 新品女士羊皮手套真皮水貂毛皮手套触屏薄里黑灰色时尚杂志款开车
------------------------------
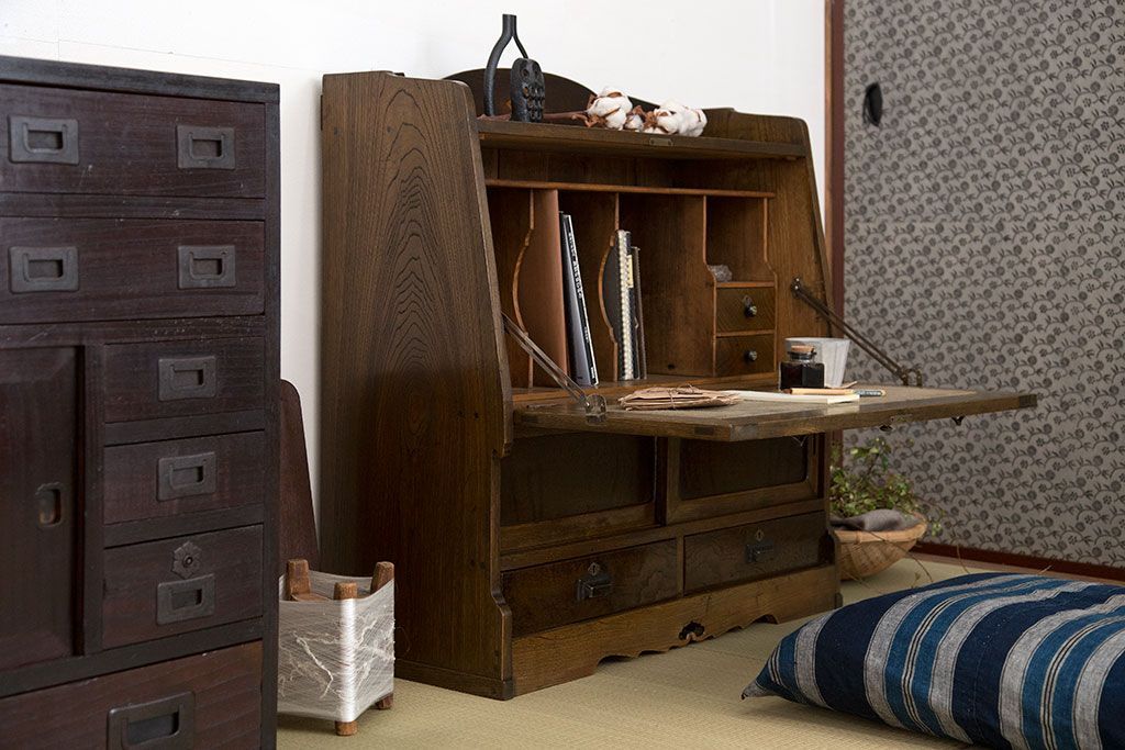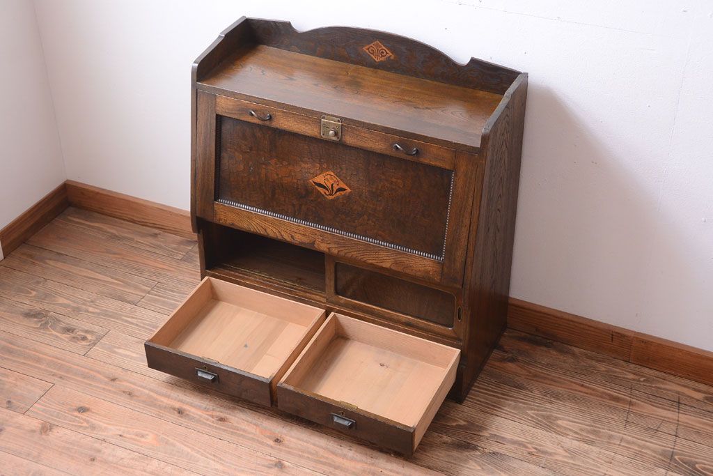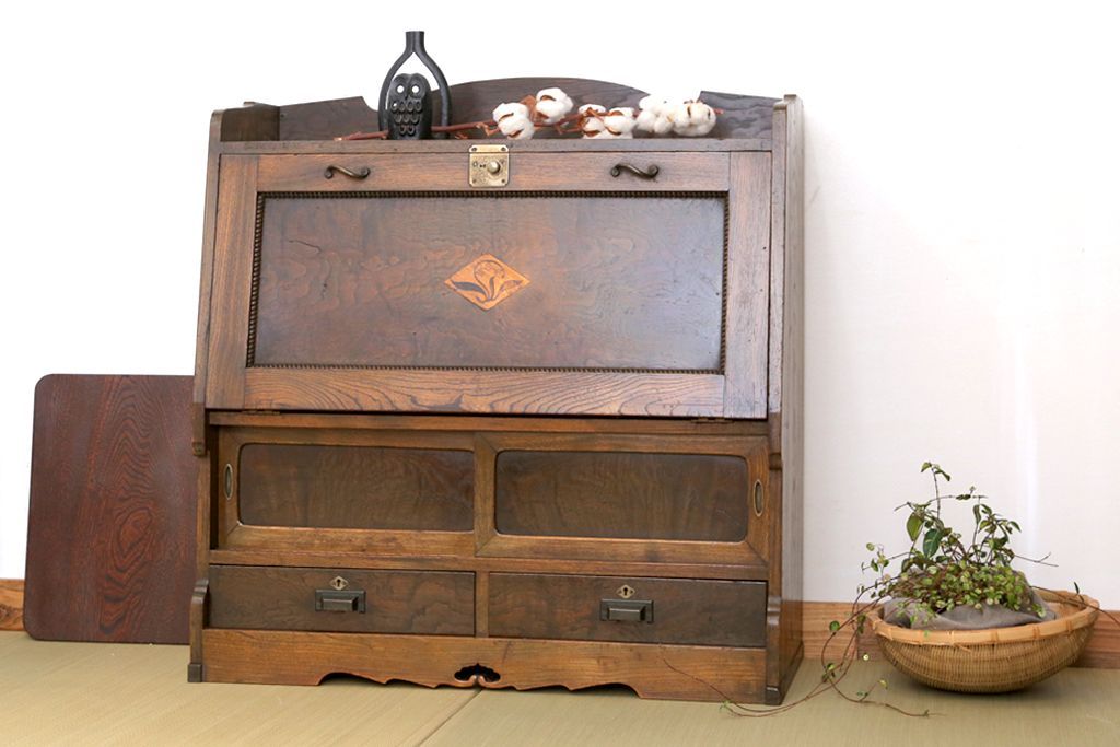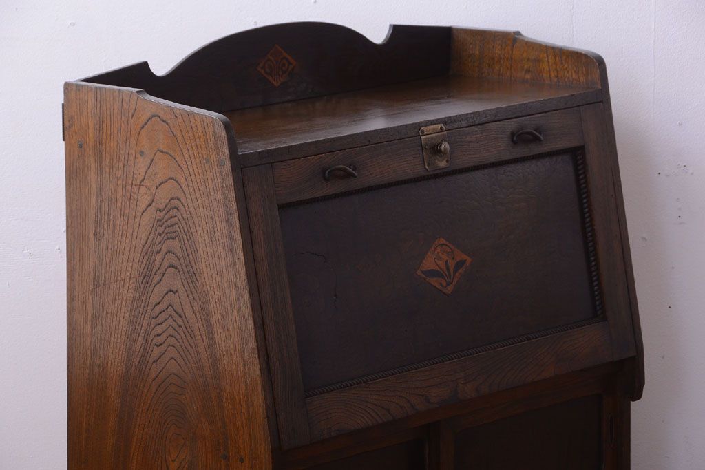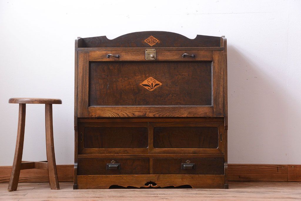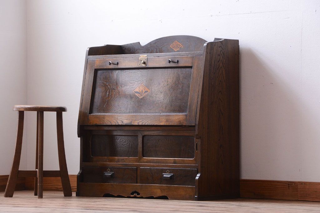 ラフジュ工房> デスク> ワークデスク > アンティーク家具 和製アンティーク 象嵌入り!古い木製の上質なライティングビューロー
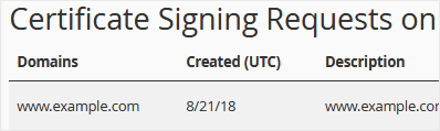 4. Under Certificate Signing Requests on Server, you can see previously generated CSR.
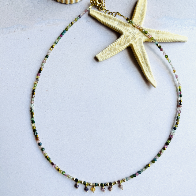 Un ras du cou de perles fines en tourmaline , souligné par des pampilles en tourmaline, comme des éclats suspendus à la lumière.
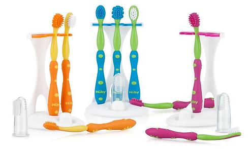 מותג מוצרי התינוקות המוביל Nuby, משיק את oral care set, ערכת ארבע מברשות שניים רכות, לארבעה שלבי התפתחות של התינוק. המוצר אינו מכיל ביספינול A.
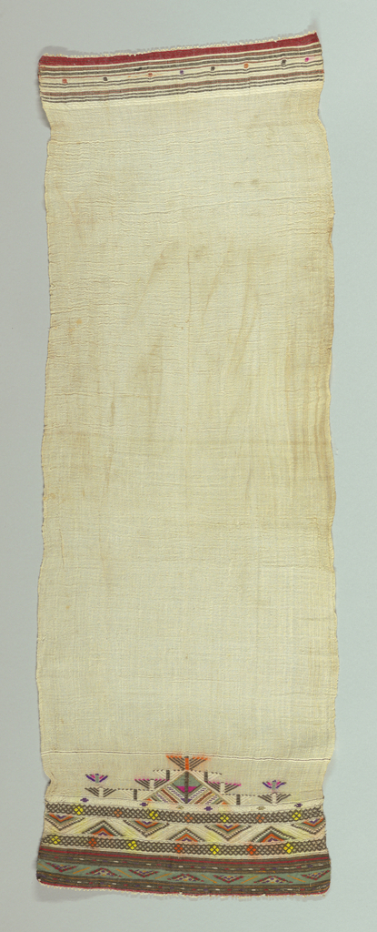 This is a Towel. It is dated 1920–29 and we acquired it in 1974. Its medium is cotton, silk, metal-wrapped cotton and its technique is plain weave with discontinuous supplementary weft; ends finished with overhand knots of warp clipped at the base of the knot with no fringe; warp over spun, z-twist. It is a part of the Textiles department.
------------------------------
» **Instructions to follow**: Pictures aside, print exactly the lines above starting with the one containing "מותג מוצרי התינוקות" and going on through the one containing "This is a Towel.".

» **Solution**:
 מותג מוצרי התינוקות המוביל Nuby, משיק את oral care set, ערכת ארבע מברשות שניים רכות, לארבעה שלבי התפתחות של התינוק. המוצר אינו מכיל ביספינול A.
 This is a Towel. It is dated 1920–29 and we acquired it in 1974. Its medium is cotton, silk, metal-wrapped cotton and its technique is plain weave with discontinuous supplementary weft; ends finished with overhand knots of warp clipped at the base of the knot with no fringe; warp over spun, z-twist. It is a part of the Textiles department.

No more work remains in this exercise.